IYKYK (But AI Doesn't): Automated Content Moderation Does Not Capture Communities' Heterogeneous Attitudes Towards Reclaimed Language

arXiv cs.CL / 4/21/2026

💬 OpinionDeveloper Stack & InfrastructureSignals & Early TrendsIdeas & Deep AnalysisModels & Research

Key Points

  • The paper finds that existing AI-based content moderation often cannot reliably distinguish reclaimed slur usage from hateful usage, leading to the suppression of marginalized communities' voices.
  • Using quantitative/qualitative analyses, the researchers build and analyze an annotated corpus of reclaimed slur usage across LGBTQIA+, Black, and women communities (e.g., f-word, n-word, b-word).
  • Annotation shows low inter-annotator agreement even among in-group annotators, suggesting that how reclaimed slurs are interpreted is highly subjective and depends on nuanced context.
  • The study reports poor alignment between human judgments and automated hate-speech assessments from Perspective API, with annotator decisions more associated with whether the slur is derogatory and whether it targets the self.
  • Semi-structured interviews indicate that differences in lived experience and personal history drive variation in interpretations, underscoring the limits of current automated moderation approaches.

Abstract

Reclaimed slur usage is a common and meaningful practice online for many marginalized communities. It serves as a source of solidarity, identity, and shared experience. However, contemporary automated and AI-based moderation tools for online content largely fail to distinguish between reclaimed and hateful uses of slurs, resulting in the suppression of marginalized voices. In this work, we use quantitative and qualitative methods to examine the attitudes of social media users in LGBTQIA+, Black, and women communities around reclaimed slurs targeting our focus groups including the f-word, n-word, and b-word. With social media users from these communities, we collect and analyze an annotated online slur usage corpus.
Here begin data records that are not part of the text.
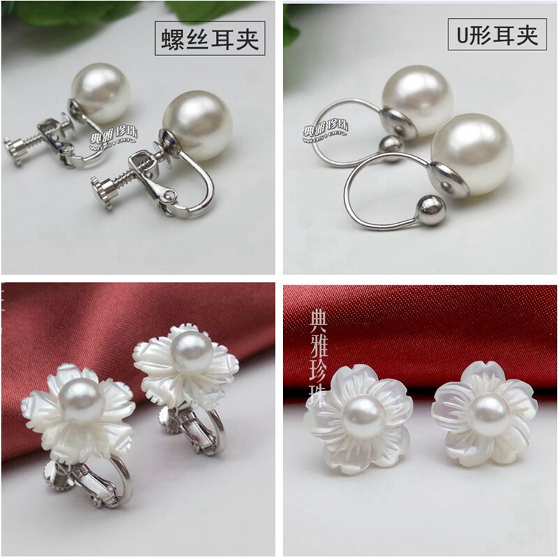 韩国925纯银珍珠母贝耳骨夹耳夹简约气质U形无耳洞清新耳扣耳饰女
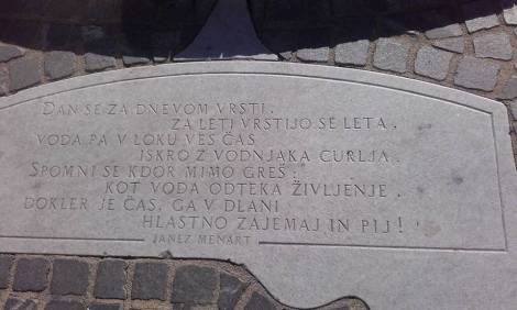 Dan se za dnem vrsti, za leti vrstijo se leta, voda pa v loku ves čas iskro z vodnjaka melje: Spomni se, kdor mimo greš, kot voda odteka življenje, dokler je čas, ga v dlani hlastno zajemaj in pij. - Janez Menart
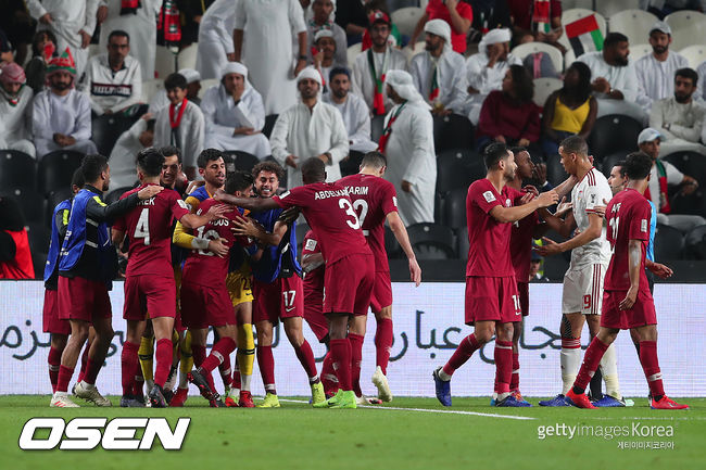 후반 45분에는 이스마일 아메드가 공과 관계 없이 알 하지리를 팔꿈치로 가격했다. 주심은 VAR로 확인 후 퇴장 조치했다. 뒤숭숭한 분위기 속에서 후반 추가시간에 교체투입된 카타르의 하미드 이스마엘이 또 한번 골망을 흔들면서 4-0으로 경기가 마무리됐다. / 10bird@osen.co.kr
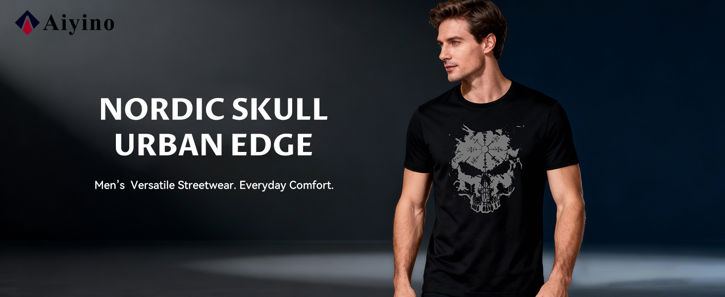 Viking Skull Graphic Design:This Viking skull t shirt for men blends Nordic-inspired skull elements with bold gothic style, creating a striking graphic look for modern casual streetwear.
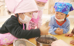 0歳児クラス(てんし組):9名 1歳児クラス(ほし組):12名 2歳児クラス(にじ組):12名 分園
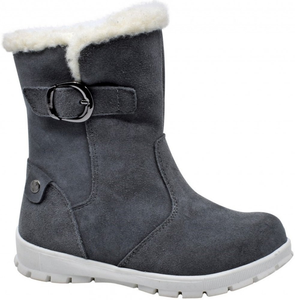 Kozačky vyrobené z broušené kůže. Gumová podrážka. Vnitřní prostor boty zatepluje jemný, umělý kožíšek.
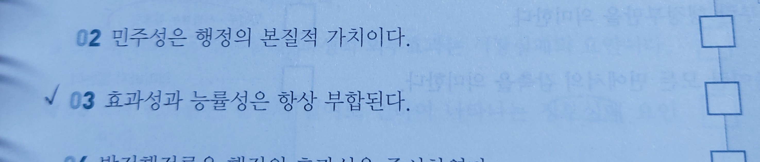 22 9급여다나 54p 2번표를보면 능률성쪽에 효과성이있고 , 둘다 이원론계열의 가치라고 나오잖아요? 근데 사진속 3번지문(21 ox파이널 26p)에서는 효과성과 능률성이 같은쪽에 있어도 항상 부합하지 않는다는걸 의미하나요?
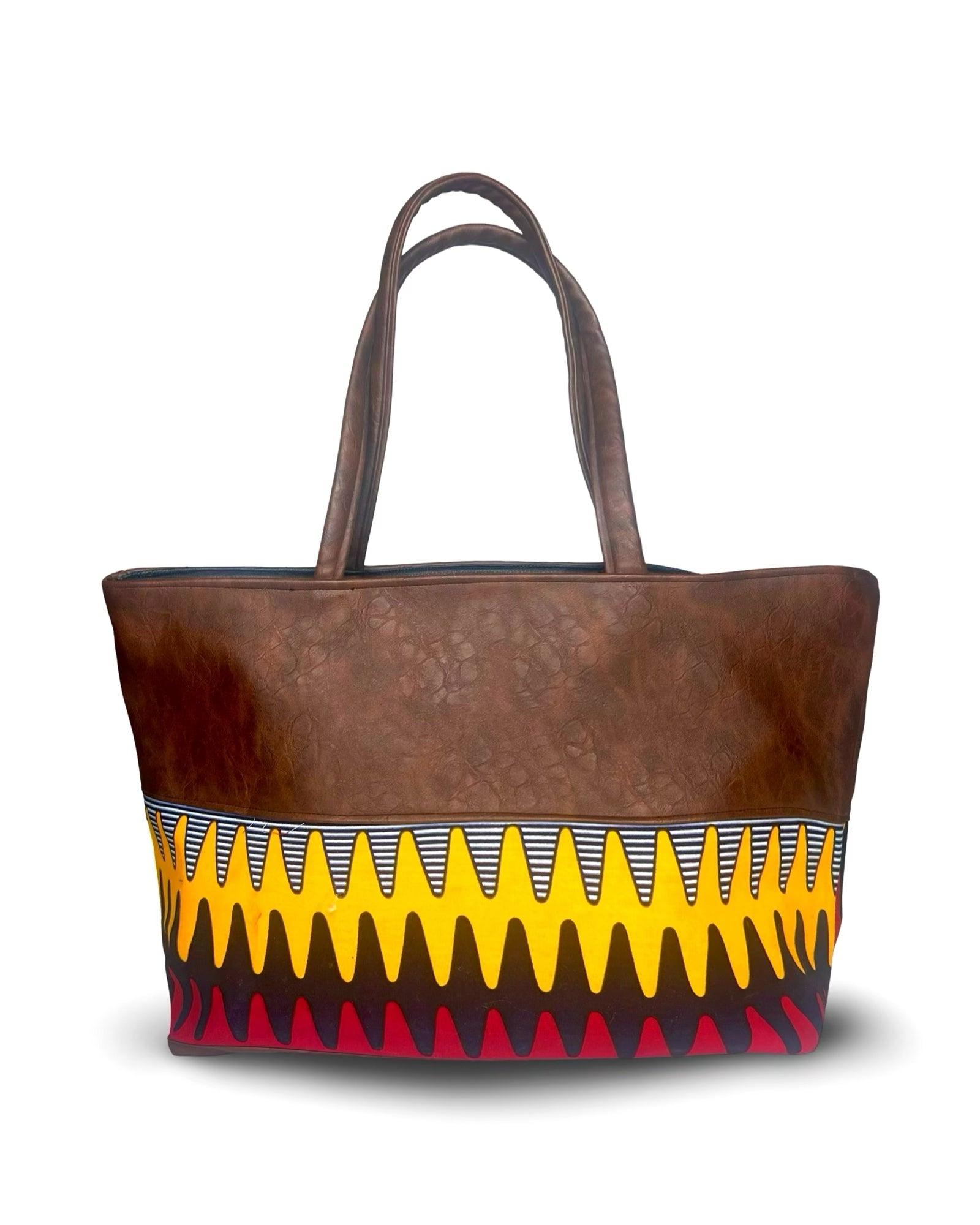 The Obaa Yaa Bag is offered in two distinct sizes to suit your lifestyle. Both versions feature the bold red, yellow, and black zigzag Ankara print — the same vibrant pattern seen in our Obaa Yaa Tote — creating a striking continuity across the collection.
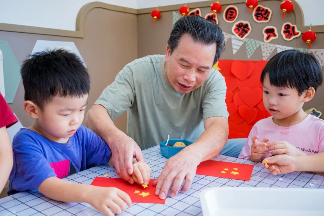 幼儿园邀请爷爷奶奶来园和小朋友们共庆国庆。爷爷奶奶为小朋友们讲红色故事,和孩子们制作五星红旗,孩子们也为爷爷奶奶送上美味的点心,让孩子们从小树立尊老、敬老、爱老的传统美德。
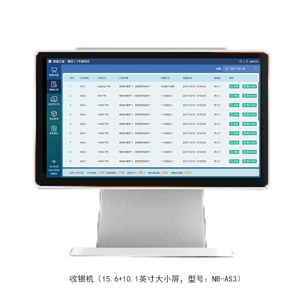 • 采用15.6英寸单屏设计,具有现场购物、结算、送货管理、商品管理、订单查询、查看统计报表。
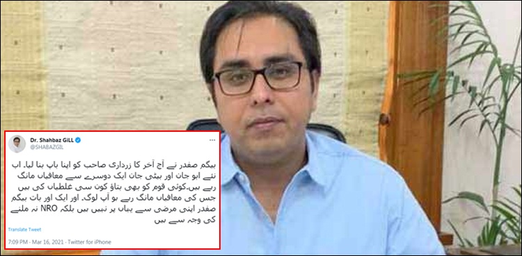 سماجی رابطے کی ویب سائٹ پر وزیر اعظم کے معاونِ خصوصی نے لکھا کہ ’بیگم صفدر نے آخر کار زرداری صاحب کو اپنا والد بنا لیا، نئے ابو اور بیٹی ایک دوسرے سے معافیاں مانگ رہے ہیں‘۔
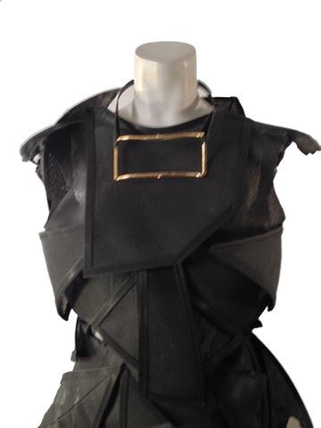 Project Runway All Stars, Season 6, Episode 2: "Damsels in Distress" - Garment # 626 - Designer: Merline. Merline used a blowtorch, sander and spray paint to construct this look. She designed a short and structured dark gray sleveless dress and open back, made with stiff mesh and hard plastic boning to create geometrical shapes. Material is ripped and dripped with black wax. Additional gold metal eye piece included.
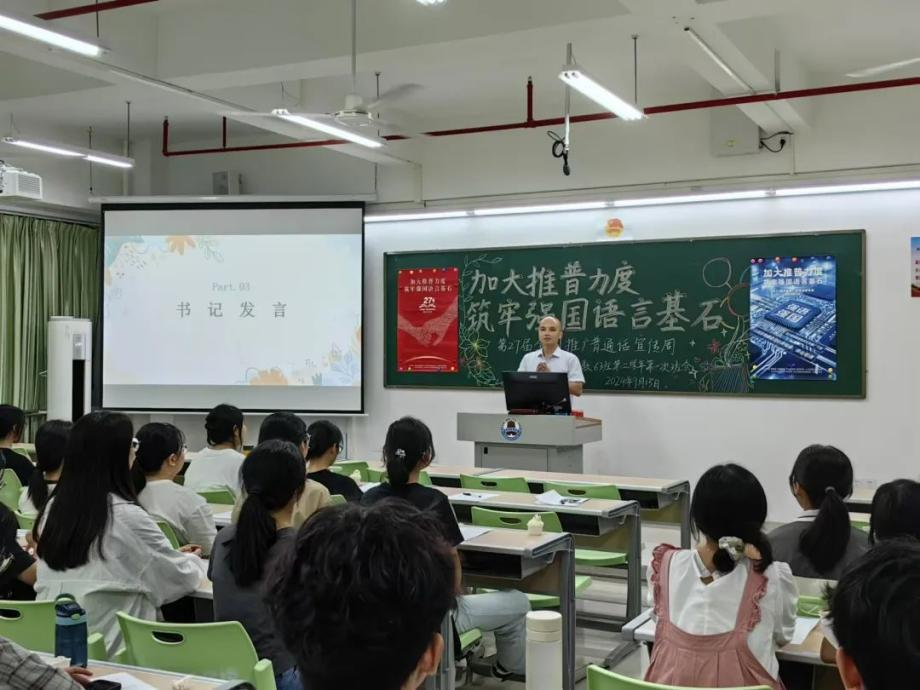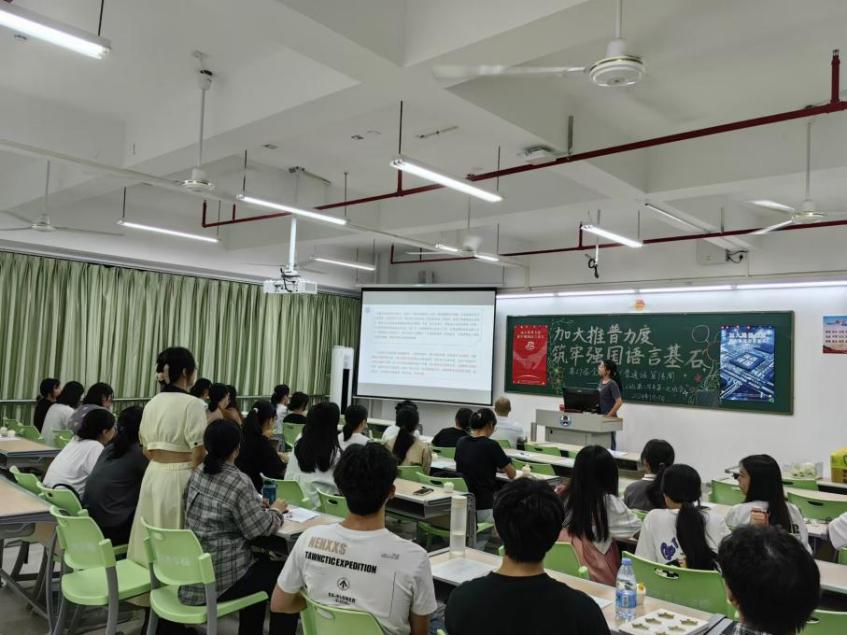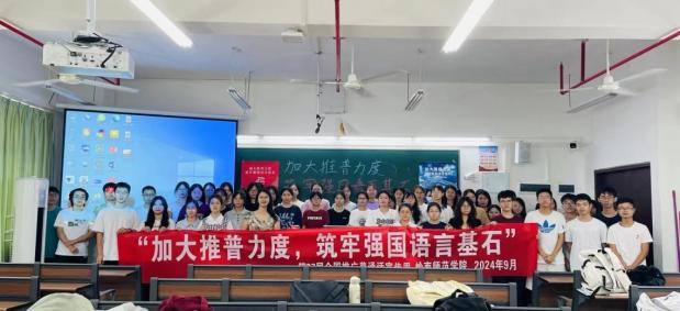 新時(shí)代教育高質(zhì)量發(fā)展的浪潮中,加強(qiáng)國(guó)家通用語(yǔ)言文字教育是提升國(guó)民素質(zhì)、促進(jìn)文化認(rèn)同、推動(dòng)社會(huì)進(jìn)步的重要基石。嶺南師范學(xué)院積極響應(yīng)國(guó)家關(guān)于加強(qiáng)國(guó)家通用語(yǔ)言文字推廣普及的號(hào)召,圍繞“加大推普力度,筑牢強(qiáng)國(guó)語(yǔ)言基石”第27屆全國(guó)推普周主題,依托學(xué)校《教師語(yǔ)言》課程組,成功舉辦了一系列豐富多彩、特色鮮明的語(yǔ)言文化活動(dòng),不僅彰顯了學(xué)院在師范教育領(lǐng)域的深厚底蘊(yùn)與創(chuàng)新活力,更為國(guó)家語(yǔ)言文字建設(shè)和教育強(qiáng)國(guó)戰(zhàn)略貢獻(xiàn)了重要力量。

The corpus includes annotators' perceptions of whether an online text containing a slur should be flagged as hate speech, as well as contextual features of the slur usage. Across all communities and annotation questions, we observe low inter-annotator agreement, indicating substantial disagreement among in-group annotators. This is compounded by the fact that, absent clear contextual signals of identity and intent, even in-group members may disagree on how to interpret reclaimed slur usage online. Semi-structured interviews with annotators suggest that differences in lived experience and personal history contribute to this variation as well. We find poor alignment between annotator judgments and automated hate speech assessments produced by Perspective API. We further observe that certain features of a text such as whether the slur usage was derogatory and if the slur was targeted at oneself are more associated with whether annotators report the text as hate speech. Together, these findings highlight the inherent subjectivity and contextual nature of how marginalized communities interpret slurs online.